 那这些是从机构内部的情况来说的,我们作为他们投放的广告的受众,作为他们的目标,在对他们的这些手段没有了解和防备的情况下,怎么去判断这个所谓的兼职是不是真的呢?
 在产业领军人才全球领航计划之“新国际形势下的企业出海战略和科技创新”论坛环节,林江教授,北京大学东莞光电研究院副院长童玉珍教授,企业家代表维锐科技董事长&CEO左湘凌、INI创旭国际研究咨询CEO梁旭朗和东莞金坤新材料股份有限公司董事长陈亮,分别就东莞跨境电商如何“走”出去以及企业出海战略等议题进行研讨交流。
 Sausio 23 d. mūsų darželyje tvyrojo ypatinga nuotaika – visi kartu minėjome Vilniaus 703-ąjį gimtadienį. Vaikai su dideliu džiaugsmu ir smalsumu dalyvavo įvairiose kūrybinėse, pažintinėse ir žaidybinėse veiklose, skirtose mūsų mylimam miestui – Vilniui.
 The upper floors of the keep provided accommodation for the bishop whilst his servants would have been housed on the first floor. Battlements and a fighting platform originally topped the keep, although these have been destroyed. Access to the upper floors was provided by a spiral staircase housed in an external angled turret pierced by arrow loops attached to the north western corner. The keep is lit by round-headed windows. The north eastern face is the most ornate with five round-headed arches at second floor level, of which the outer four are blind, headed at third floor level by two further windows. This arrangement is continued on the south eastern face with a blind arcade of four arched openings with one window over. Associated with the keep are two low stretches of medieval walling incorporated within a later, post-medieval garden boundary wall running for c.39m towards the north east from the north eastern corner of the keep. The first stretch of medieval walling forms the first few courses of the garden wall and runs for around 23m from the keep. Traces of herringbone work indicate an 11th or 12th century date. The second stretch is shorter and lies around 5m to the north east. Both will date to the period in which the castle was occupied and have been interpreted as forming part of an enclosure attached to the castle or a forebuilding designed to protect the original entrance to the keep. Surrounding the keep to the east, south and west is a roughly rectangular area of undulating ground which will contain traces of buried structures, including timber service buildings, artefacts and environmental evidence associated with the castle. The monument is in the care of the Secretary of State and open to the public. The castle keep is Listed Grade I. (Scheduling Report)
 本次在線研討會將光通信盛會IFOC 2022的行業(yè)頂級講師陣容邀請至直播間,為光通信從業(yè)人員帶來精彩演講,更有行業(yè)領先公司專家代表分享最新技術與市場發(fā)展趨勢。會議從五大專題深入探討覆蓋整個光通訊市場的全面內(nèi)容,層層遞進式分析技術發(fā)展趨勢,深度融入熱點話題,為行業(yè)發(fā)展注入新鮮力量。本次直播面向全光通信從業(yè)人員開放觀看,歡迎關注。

--- Aim of the task ---
From the very first line of the data through the line with "在产业领军人才全球领航计划之" in it, please reproduce each line exactly and output nothing more.

--- Answer to this problem ---
 那这些是从机构内部的情况来说的,我们作为他们投放的广告的受众,作为他们的目标,在对他们的这些手段没有了解和防备的情况下,怎么去判断这个所谓的兼职是不是真的呢?
 在产业领军人才全球领航计划之“新国际形势下的企业出海战略和科技创新”论坛环节,林江教授,北京大学东莞光电研究院副院长童玉珍教授,企业家代表维锐科技董事长&CEO左湘凌、INI创旭国际研究咨询CEO梁旭朗和东莞金坤新材料股份有限公司董事长陈亮,分别就东莞跨境电商如何“走”出去以及企业出海战略等议题进行研讨交流。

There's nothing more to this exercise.